## DATA SUPPLIED
────────────────────────────────────────
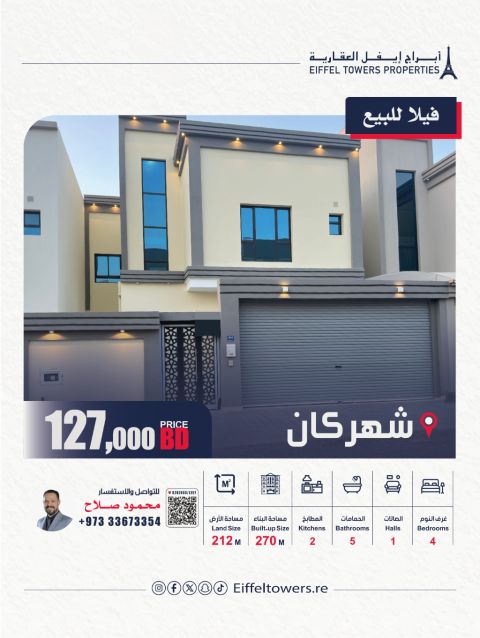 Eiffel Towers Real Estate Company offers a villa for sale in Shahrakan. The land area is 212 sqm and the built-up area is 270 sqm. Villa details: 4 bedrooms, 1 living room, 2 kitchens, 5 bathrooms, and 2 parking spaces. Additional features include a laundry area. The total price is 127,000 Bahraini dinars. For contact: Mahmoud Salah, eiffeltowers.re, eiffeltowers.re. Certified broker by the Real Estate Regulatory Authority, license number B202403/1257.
────────────────────────────────────────
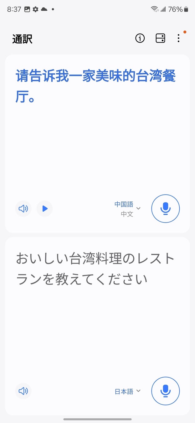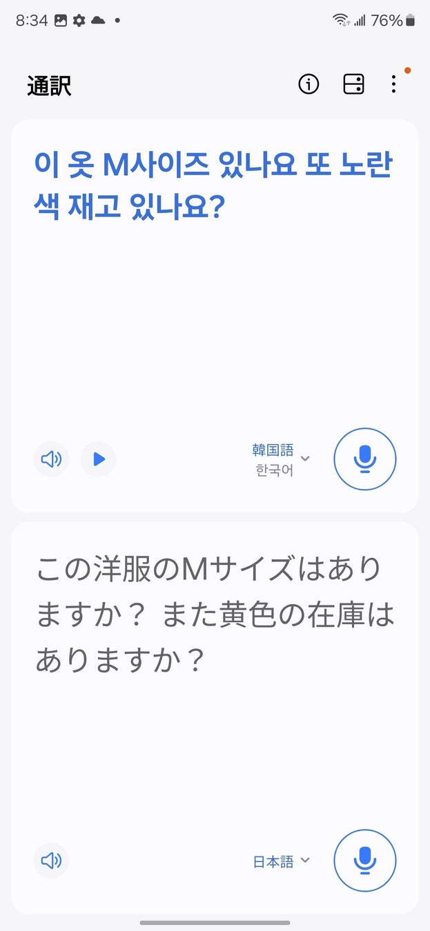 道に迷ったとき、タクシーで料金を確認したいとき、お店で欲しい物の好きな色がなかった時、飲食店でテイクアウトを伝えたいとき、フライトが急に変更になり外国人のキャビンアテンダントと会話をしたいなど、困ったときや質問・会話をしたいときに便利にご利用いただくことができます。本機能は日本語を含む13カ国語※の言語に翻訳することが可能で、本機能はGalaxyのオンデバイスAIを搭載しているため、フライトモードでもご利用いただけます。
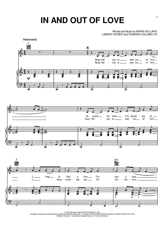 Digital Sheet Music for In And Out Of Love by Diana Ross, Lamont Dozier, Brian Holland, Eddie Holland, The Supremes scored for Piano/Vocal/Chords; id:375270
────────────────────────────────────────
## WHAT TO WORK ON
Reproduce the data above exactly, but only from the line containing "道に迷ったとき、タクシーで料" through the line containing "Digital Sheet Music"; skip the pictures.

## WRITTEN ANSWER
 道に迷ったとき、タクシーで料金を確認したいとき、お店で欲しい物の好きな色がなかった時、飲食店でテイクアウトを伝えたいとき、フライトが急に変更になり外国人のキャビンアテンダントと会話をしたいなど、困ったときや質問・会話をしたいときに便利にご利用いただくことができます。本機能は日本語を含む13カ国語※の言語に翻訳することが可能で、本機能はGalaxyのオンデバイスAIを搭載しているため、フライトモードでもご利用いただけます。
 Digital Sheet Music for In And Out Of Love by Diana Ross, Lamont Dozier, Brian Holland, Eddie Holland, The Supremes scored for Piano/Vocal/Chords; id:375270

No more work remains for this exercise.